> **INFORMATION PROVIDED**
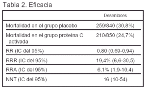 Antecedentes: la proteína C activada es una proteína que favorece la fibrinólisis e inhibe la trombosis y la inflamación. Sus valores están disminuidos en la mayoría de los pacientes con sepsis. Se ha descrito que la reducción de las cifras de proteína C activada en los pacientes con sepsis se asocia con un incremento de la mortalidad. En modelos experimentales de sepsis grave se ha mostrado la reducción de la mortalidad tras la administración de proteína C activada recombinante.
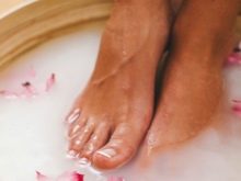 หลังจากสิบห้านาทีคุณสามารถทำความสะอาดเพิ่มเติมและขัดเท้าด้วยหินภูเขาไฟ เนื่องจากผิวหนังหลังการอาบน้ำกลายเป็นนึ่งและนุ่มแล้วการกำจัดเซลล์ผิวที่หยาบกร้านและเซลล์ที่ตายแล้วนั้นไม่ยาก หลังจากขั้นตอนการล้างเท้าของคุณในน้ำสะอาดน้ำอุ่นและเช็ดให้แห้งด้วยผ้าขนหนูนุ่ม อย่าเช็ดเท้าอย่างแรงเกินไปเพื่อไม่ให้ผิวที่บอบบางเกิดความเสียหาย เป็นการดีที่สุดที่จะห่อเท้าด้วยผ้าขนหนูและปล่อยให้ความชื้นส่วนเกินซึมเข้าสู่เนื้อผ้า ถัดไปคุณควรกางขาด้วยครีมบำรุงผิวที่อ่อนนุ่มหรือชุ่มชื้น ครีมจะแก้ไขปัญหาผลอ่อนผิวและรักษาความชุ่มชื้นในผิว เพื่อให้บรรลุผลตามที่ต้องการสามารถอาบน้ำได้หลายครั้งต่อสัปดาห์
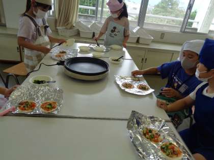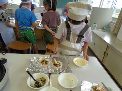 みんなで育てた野菜を使って、「かんたん!野菜ピザ」を作りました。

> **THE TASK**
Any picture in the listing above gets left out; output the rest exactly.

> **RESPONSE TO THE TASK**
 Antecedentes: la proteína C activada es una proteína que favorece la fibrinólisis e inhibe la trombosis y la inflamación. Sus valores están disminuidos en la mayoría de los pacientes con sepsis. Se ha descrito que la reducción de las cifras de proteína C activada en los pacientes con sepsis se asocia con un incremento de la mortalidad. En modelos experimentales de sepsis grave se ha mostrado la reducción de la mortalidad tras la administración de proteína C activada recombinante.
 หลังจากสิบห้านาทีคุณสามารถทำความสะอาดเพิ่มเติมและขัดเท้าด้วยหินภูเขาไฟ เนื่องจากผิวหนังหลังการอาบน้ำกลายเป็นนึ่งและนุ่มแล้วการกำจัดเซลล์ผิวที่หยาบกร้านและเซลล์ที่ตายแล้วนั้นไม่ยาก หลังจากขั้นตอนการล้างเท้าของคุณในน้ำสะอาดน้ำอุ่นและเช็ดให้แห้งด้วยผ้าขนหนูนุ่ม อย่าเช็ดเท้าอย่างแรงเกินไปเพื่อไม่ให้ผิวที่บอบบางเกิดความเสียหาย เป็นการดีที่สุดที่จะห่อเท้าด้วยผ้าขนหนูและปล่อยให้ความชื้นส่วนเกินซึมเข้าสู่เนื้อผ้า ถัดไปคุณควรกางขาด้วยครีมบำรุงผิวที่อ่อนนุ่มหรือชุ่มชื้น ครีมจะแก้ไขปัญหาผลอ่อนผิวและรักษาความชุ่มชื้นในผิว เพื่อให้บรรลุผลตามที่ต้องการสามารถอาบน้ำได้หลายครั้งต่อสัปดาห์
 みんなで育てた野菜を使って、「かんたん!野菜ピザ」を作りました。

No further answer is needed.